Ferek Imagen SL, la base de su estructura
El primer gran paso empresarial de Verdasco fue la creación de Ferek Imagen SL en febrero de 2004, justo en el despegue de su carrera profesional. Esta sociedad se especializa en la representación comercial, explotación de derechos de imagen y asesoramiento técnico y administrativo para deportistas y artistas.
Con el tiempo, Ferek Imagen se ha convertido en uno de sus principales generadores de ingresos, canalizando contratos comerciales, campañas publicitarias y colaboraciones vinculadas a su persona. Tras su retirada, esta empresa funciona como nexo entre su etapa como jugador y su rol actual como figura pública.
Gorras y colaboración con Silbon
La expresión más palpable de su faceta empresarial surgió con Cocowi Brand SL, la marca de gorras que lanzó durante la pandemia junto al empresario Jaime Fernández-Lerga.
El proyecto nació casi como una afición: Verdasco, que siempre compitió con gorra, decidió diseñar sus propios modelos con un estilo distintivo, incorporando motivos frutales como sello estético. Cocowi apostó por gorras de algodón canvas con patrones elaborados y una imagen fresca, orientada a convertirse en un complemento de moda más allá de lo deportivo.
Aunque actualmente la marca ya no figure en primera plana dentro de su portfolio, sigue siendo recordada como uno de los negocios que le permitieron adentrarse en el sector de la moda y comprender los mecanismos del retail y la venta online.

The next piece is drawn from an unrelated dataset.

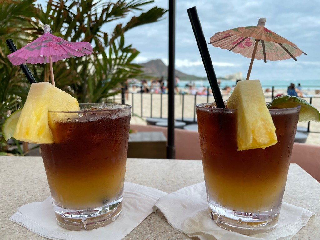 Following the performance at Waikiki Beachwalk, we went for mai tais at the Royal Hawaiian Mai Tai Bar.They pride themselves on having the best mai tais. Their’s is a modification of Vic Bergeron’s original recipe. The only difference is that they add pineapple juice to the mix of orgeat, orange curacao, lime juice, and two rums. Where Vic used light and dark Caribbean rums, the Mai Tai Bar uses Lahaina rums.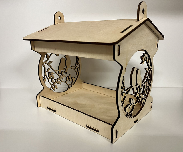 Our beautifully decorated bird feeder is laser cut from 4mm Plywood.

Esta experiencia derivó en una colaboración con la firma española Silbon, para la cual diseñó y promocionó una edición especial de zapatillas. Verdasco participó activamente en la selección de materiales, detalles cromáticos y en la campaña de imagen, reforzando su papel de prescriptor de estilo, más allá de su identidad como extenista.
Inmuebles y el refugio del ladrillo
Otra columna fundamental en la estrategia de Verdasco ha sido el sector inmobiliario, uno de los refugios financieros preferidos entre los deportistas profesionales. El madrileño ha conformado un patrimonio considerable: una residencia de aproximadamente 600 metros cuadrados en Pozuelo de Alarcón, valorada alrededor de 2,2 millones de euros; un piso en el barrio de Salamanca, adquirido en 2015; y un apartamento en El Rompido, en la costa de Huelva.
Además, en 2020 vendió una de sus viviendas más valiosas, un chalet en la urbanización El Bosque en Villaviciosa de Odón, por cerca de 1,65 millones de euros, demostrando una administración activa de su cartera inmobiliaria. Esta combinación de propiedades en zonas premium de Madrid y activos en la costa le otorgan tanto un valor patrimonial destacado como la posibilidad de generar ingresos futuros.
Clave en el tenis español
Más allá de balances económicos y sociedades, la imagen de Fernando Verdasco permanece asociada a algunos de los momentos más destacados del tenis español reciente. Su duelo memorable contra Rafa Nadal en Melbourne 2009, su papel constante en las eliminatorias de Copa Davis y su longevidad deportiva hasta los 41 años lo posicionan como un referente de la «segunda ola» dorada tras el surgimiento de Nadal.
Hoy, el hecho de que pueda elegir proyectos y dosificar su presencia pública no es casualidad, sino el fruto de una carrera planificada dentro y fuera de las canchas.
Verdasco fue, y continúa siendo, una de las figuras destacadas del tenis moderno en España, y su transición al mundo empresarial representa, en cierto sentido, la continuación natural de un jugador que siempre entendió que la verdadera victoria también se logra fuera de la línea de fondo.